PROBLEM DESCRIPTION:
Write out the data again exactly, skipping every picture.

____ RECORDS SUPPLIED

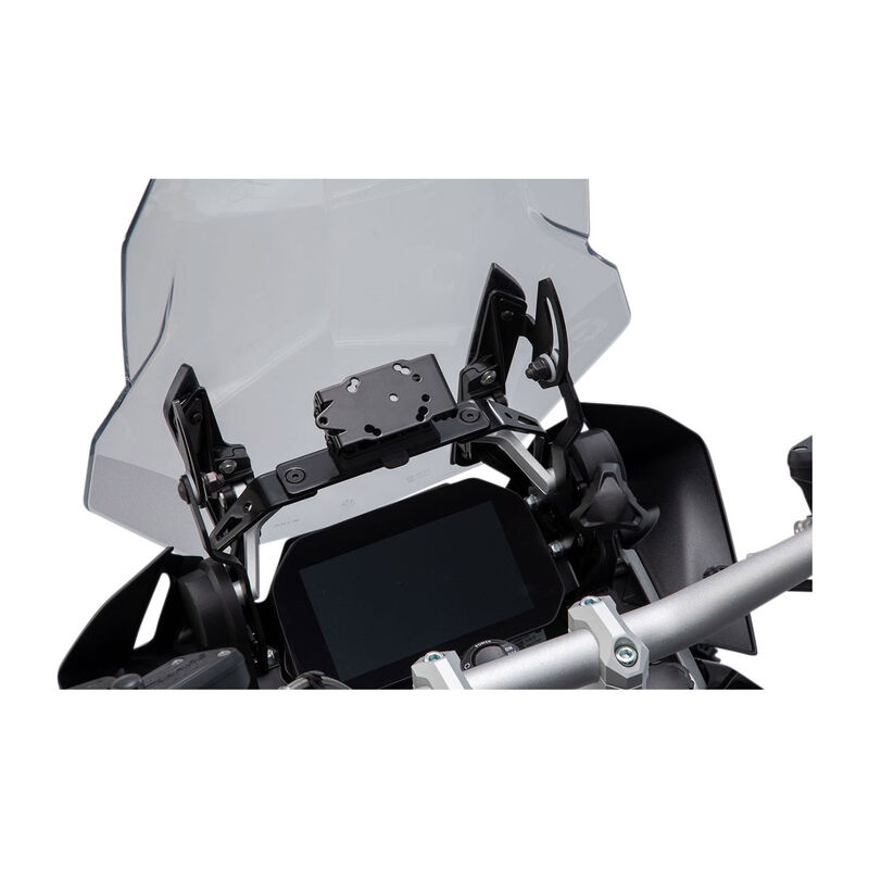 SW-MOTECH GPS-HALTER QUICK-LOCK Um eine optimale Positionierung zu erreichen, sichert ein pulverbeschichtetes Stahlblech die stabile Befestigung des Navi-Halters an original Befestigungspunkten im Cockpit. Geschickte Positionierung, Vibrationsdämpfung und leichtes Abnehmen: Dies vereinen die fahrzeugspezifisch abgestimmten Navi-Halter. Die schwenkbare Halterung lässt sich mit einem Handgriff abnehmen und gibt dank des universellen Lochmusters vielen aktuellen Navigationsgeräten genauso sicheren Halt wie den Navi Case Pro Gerätetaschen und Smartphone Hardcases von SW-Motech. Eine integrierte Dämpfung schützt die Hardware vor Erschütterungen. * Einfache Montage an bereits vorhandenen Anbaupunkten im Cockpit * Aus schwarz pulverbeschichtetem Stahl mit QUICK-LOCK Mechanismus aus glasfaserverstärktem Kunststoff * Auf Motorradmodell abgestimmt für eine optimale Positionierung * Abnehmbar, schwenkbar und vibrationsgedämpft * Halteblech mit universellem Lochmuster gibt allen gängigen Navi-Modellen und den Navi Case Pro Gerätetaschen oder Hardcases von SW-Motech sicheren Halt LIEFERUMFANG: * 1x Navi-Halter im Cockpit * Montagematerial * Anbauanleitung navi halter am lenker,quick-lock navihalter,navihalter lenkerklemme,quick-lock halter,quick lock navi halter,gpshalterung,motorrad gpshalterung,navihalterung Passend auf: BMW R 1200 GS ADVENTURE R 1200 GS ADVENTURE LC R 1200 GS LC R 1250 GS R 1250 GS ADVENTURE R 1250 GS RALLY STYLE
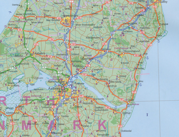 The country side is new digital artwork covering the entire country, showing motorways main and secondary roads, as many town names as we could find, touristic attractions, parks, camping areas, and anything else that we felt a visitor might want to see on a travel map. Denmark is relatively flat, so is a great place for long-distance cycling. The country has the well-known Helsingor Castle (Hamlet’s Castle in Shakespeare), Roskilde Cathedral, the aldstadt of Odense, the crane nests of Ribe, and much more to entice. This map also brings our European series one step closer to comprehensive completion.
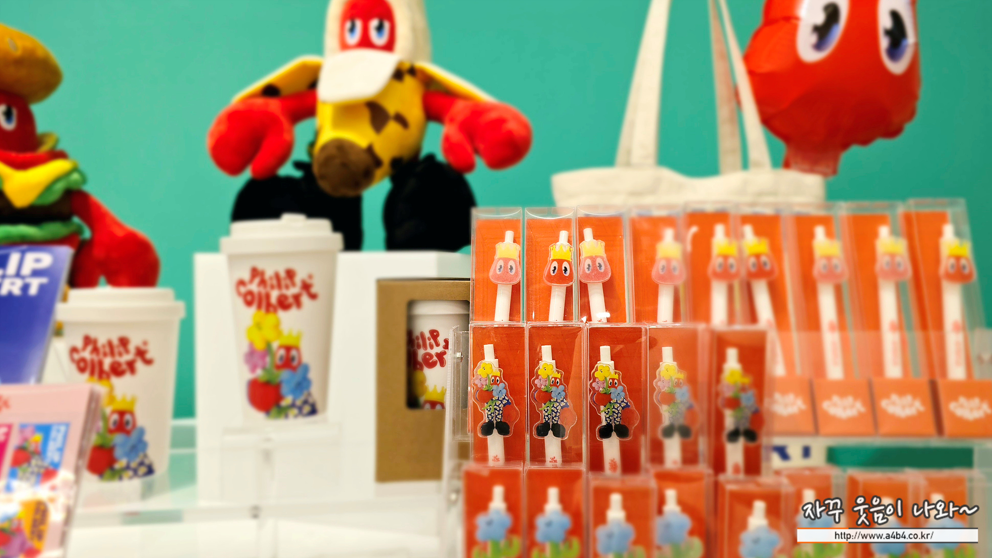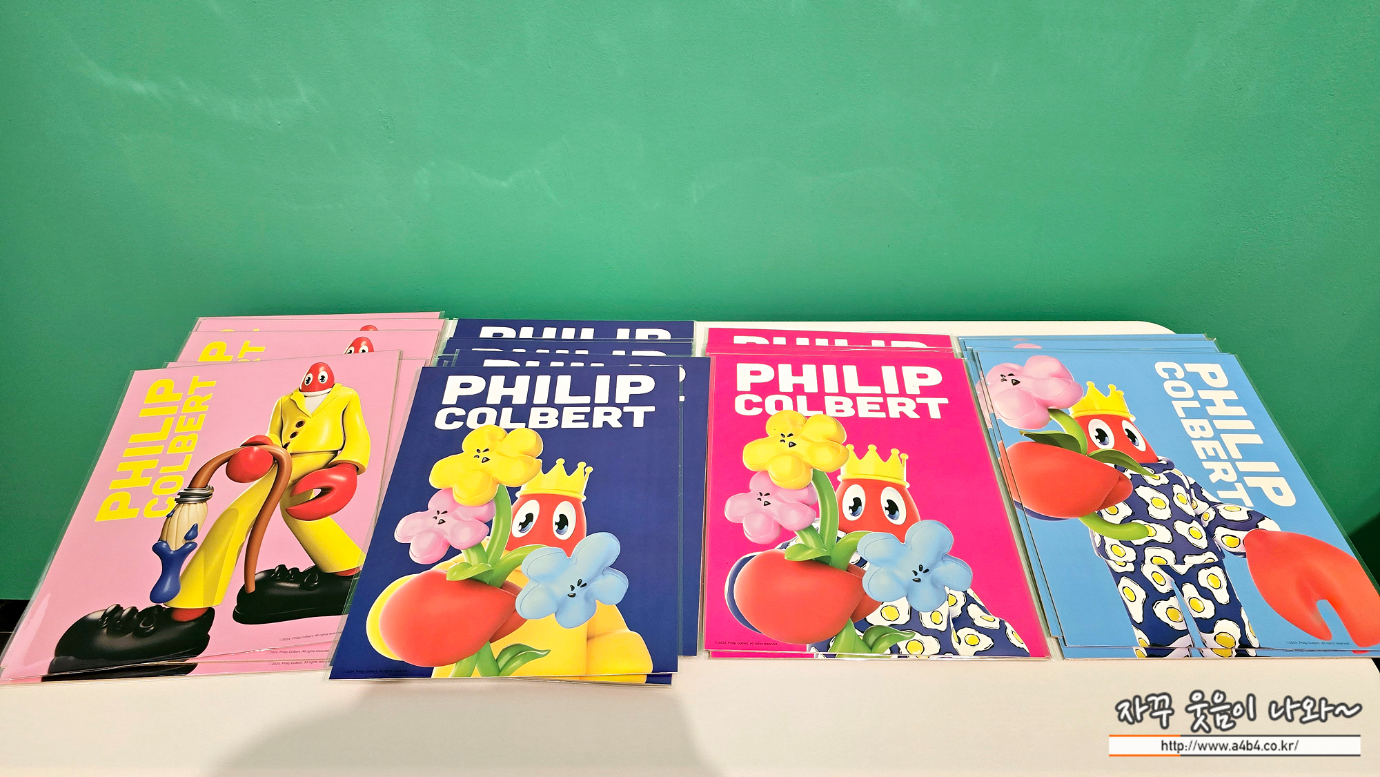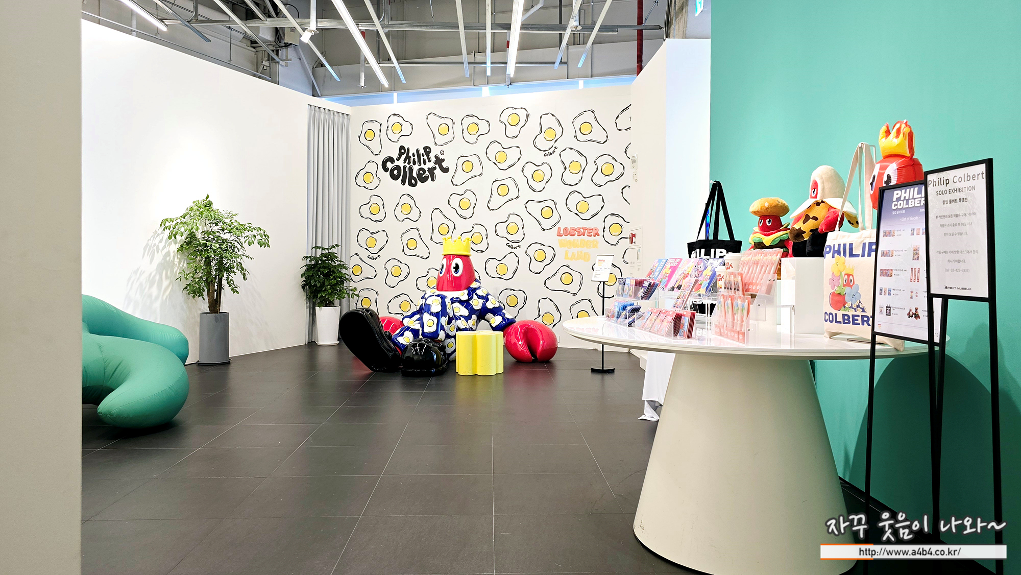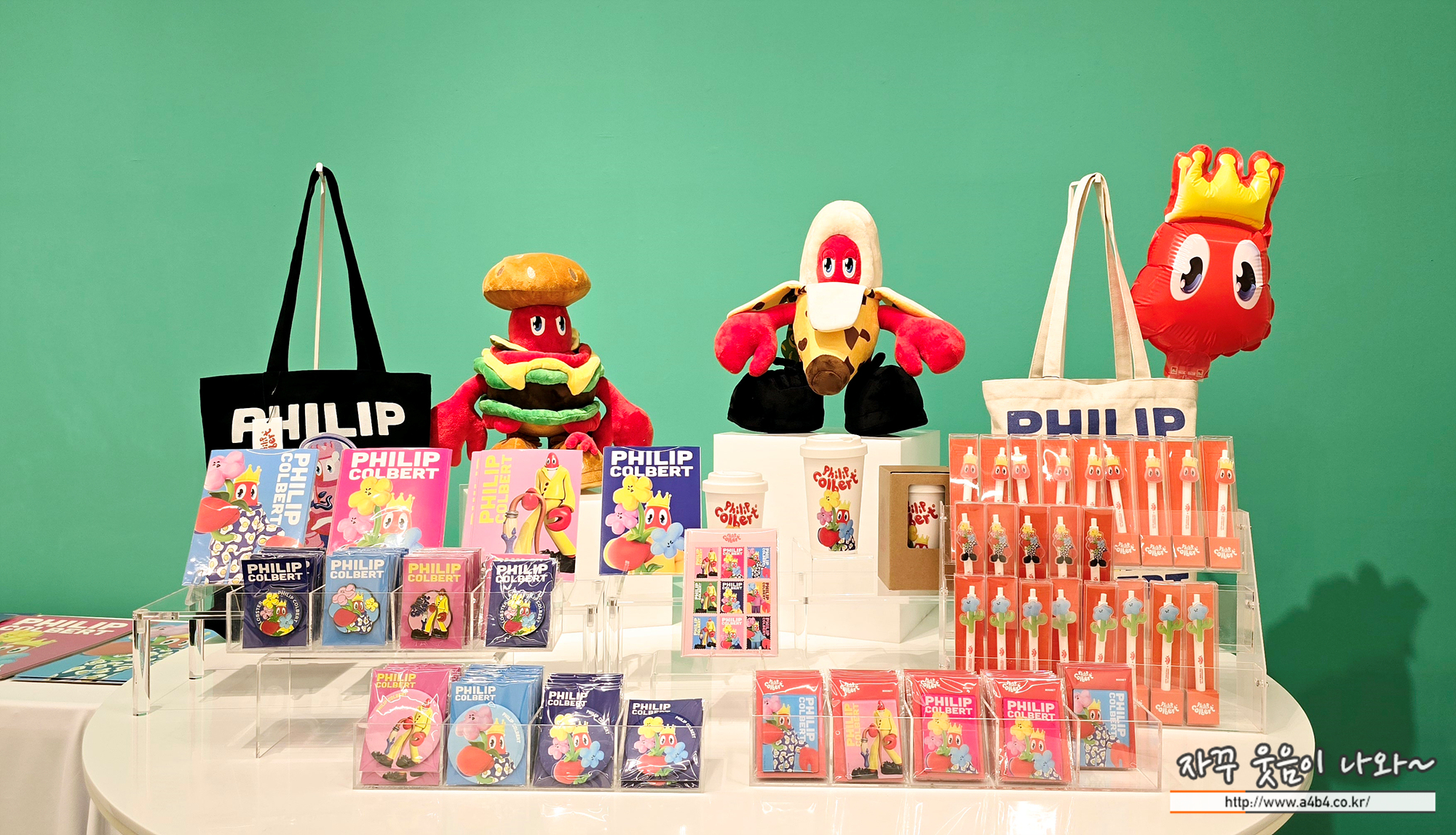 잠실 넥스트 뮤지엄에서 열리고 있는 필립 콜버트 특별展에서는 작가의 다양한 굿즈를 만나볼 수 있습니다. 포스터 및 옆서, 에코백, 뱃지, 필기구, 스티커, 인형 등을 만나볼 수 있습니다.
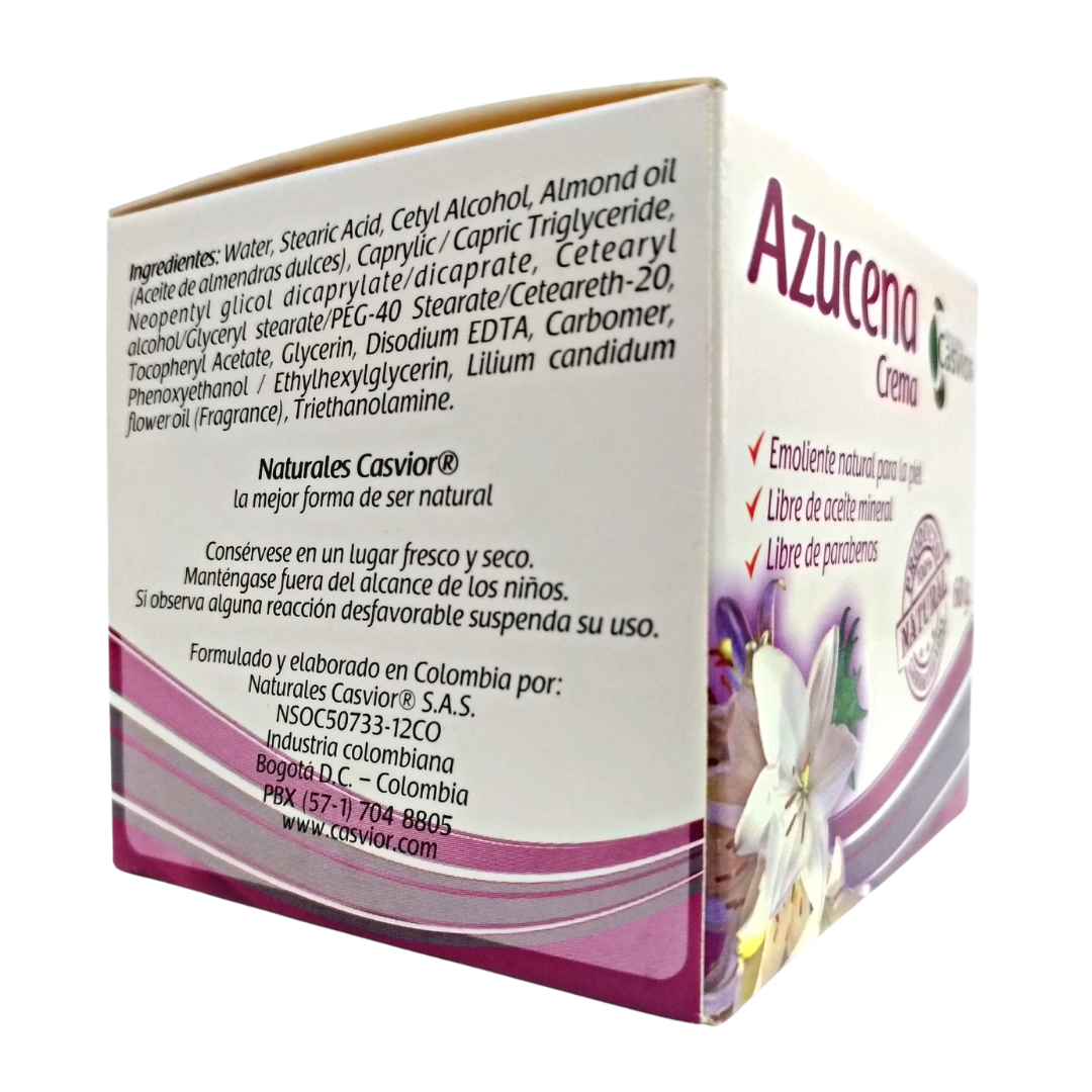 Crema Azucena - Casvior - Frasco 60 gr La crema humectante de Azucena enriquecida con aceite de almendras dulces y vitamina E, hidrata y protege la piel maltratada dejándola suave y saludable, la Azucena es conocida por sus propiedades para prevenir la aparición de manchas. Libre de aceite mineral, sin lanolina, sin parabenos.
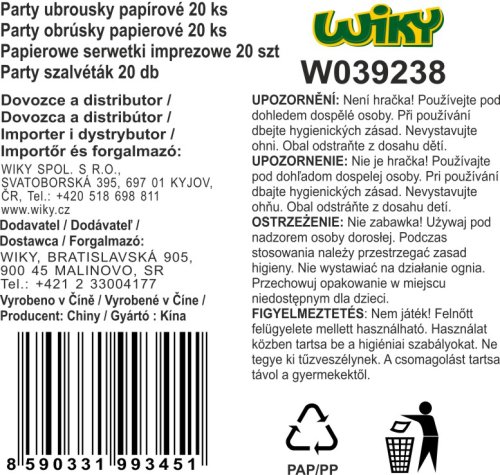 Papírové párty ubrousky PES o velikosti 33x33 cm.
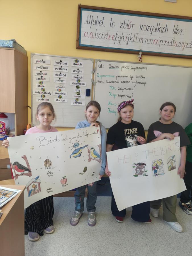 Uczniowie klasy 3b wykonali plakaty dotyczące zbiórki oraz zachęcające do dokarmiania ptaków zimą oraz odwiedzili kolegów z klas I-III, zachęcając do wzięcia udziału w naszej akcji. Efekty już są!
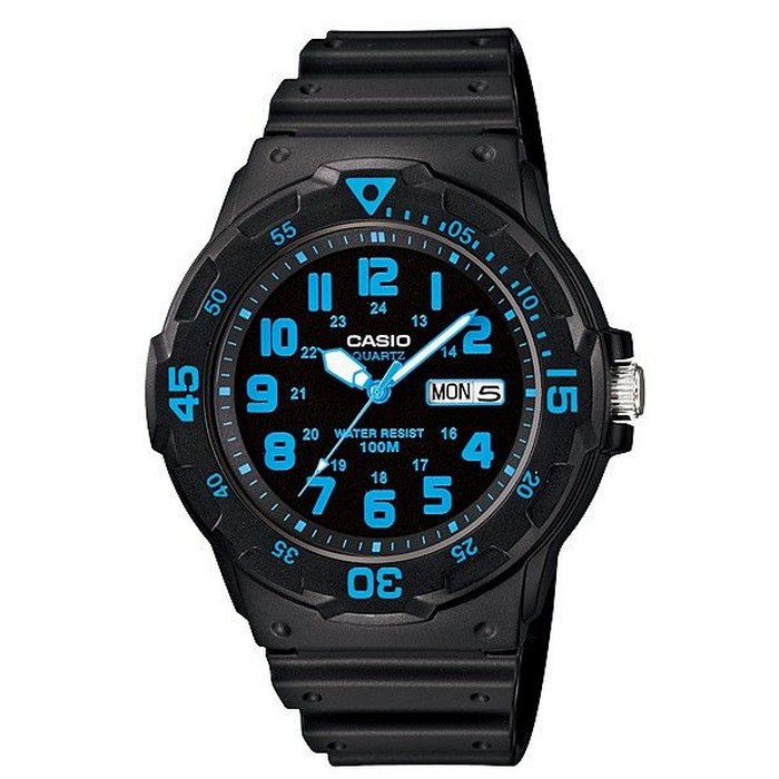 If you're searching for great value in a classic diver-look watch, look no further than the MRW200 from Casio. It's 44.6mm face and large indexes provide at-a-glance information. Couple this with a bi-directional rotating bezel and 100 meter water resistance and you've got a timepiece that's easy-to-read, simple-to-use and durable.

________

ANSWER BOX:
 SW-MOTECH GPS-HALTER QUICK-LOCK Um eine optimale Positionierung zu erreichen, sichert ein pulverbeschichtetes Stahlblech die stabile Befestigung des Navi-Halters an original Befestigungspunkten im Cockpit. Geschickte Positionierung, Vibrationsdämpfung und leichtes Abnehmen: Dies vereinen die fahrzeugspezifisch abgestimmten Navi-Halter. Die schwenkbare Halterung lässt sich mit einem Handgriff abnehmen und gibt dank des universellen Lochmusters vielen aktuellen Navigationsgeräten genauso sicheren Halt wie den Navi Case Pro Gerätetaschen und Smartphone Hardcases von SW-Motech. Eine integrierte Dämpfung schützt die Hardware vor Erschütterungen. * Einfache Montage an bereits vorhandenen Anbaupunkten im Cockpit * Aus schwarz pulverbeschichtetem Stahl mit QUICK-LOCK Mechanismus aus glasfaserverstärktem Kunststoff * Auf Motorradmodell abgestimmt für eine optimale Positionierung * Abnehmbar, schwenkbar und vibrationsgedämpft * Halteblech mit universellem Lochmuster gibt allen gängigen Navi-Modellen und den Navi Case Pro Gerätetaschen oder Hardcases von SW-Motech sicheren Halt LIEFERUMFANG: * 1x Navi-Halter im Cockpit * Montagematerial * Anbauanleitung navi halter am lenker,quick-lock navihalter,navihalter lenkerklemme,quick-lock halter,quick lock navi halter,gpshalterung,motorrad gpshalterung,navihalterung Passend auf: BMW R 1200 GS ADVENTURE R 1200 GS ADVENTURE LC R 1200 GS LC R 1250 GS R 1250 GS ADVENTURE R 1250 GS RALLY STYLE
 The country side is new digital artwork covering the entire country, showing motorways main and secondary roads, as many town names as we could find, touristic attractions, parks, camping areas, and anything else that we felt a visitor might want to see on a travel map. Denmark is relatively flat, so is a great place for long-distance cycling. The country has the well-known Helsingor Castle (Hamlet’s Castle in Shakespeare), Roskilde Cathedral, the aldstadt of Odense, the crane nests of Ribe, and much more to entice. This map also brings our European series one step closer to comprehensive completion.
 잠실 넥스트 뮤지엄에서 열리고 있는 필립 콜버트 특별展에서는 작가의 다양한 굿즈를 만나볼 수 있습니다. 포스터 및 옆서, 에코백, 뱃지, 필기구, 스티커, 인형 등을 만나볼 수 있습니다.
 Crema Azucena - Casvior - Frasco 60 gr La crema humectante de Azucena enriquecida con aceite de almendras dulces y vitamina E, hidrata y protege la piel maltratada dejándola suave y saludable, la Azucena es conocida por sus propiedades para prevenir la aparición de manchas. Libre de aceite mineral, sin lanolina, sin parabenos.
 Papírové párty ubrousky PES o velikosti 33x33 cm.
 Uczniowie klasy 3b wykonali plakaty dotyczące zbiórki oraz zachęcające do dokarmiania ptaków zimą oraz odwiedzili kolegów z klas I-III, zachęcając do wzięcia udziału w naszej akcji. Efekty już są!
 If you're searching for great value in a classic diver-look watch, look no further than the MRW200 from Casio. It's 44.6mm face and large indexes provide at-a-glance information. Couple this with a bi-directional rotating bezel and 100 meter water resistance and you've got a timepiece that's easy-to-read, simple-to-use and durable.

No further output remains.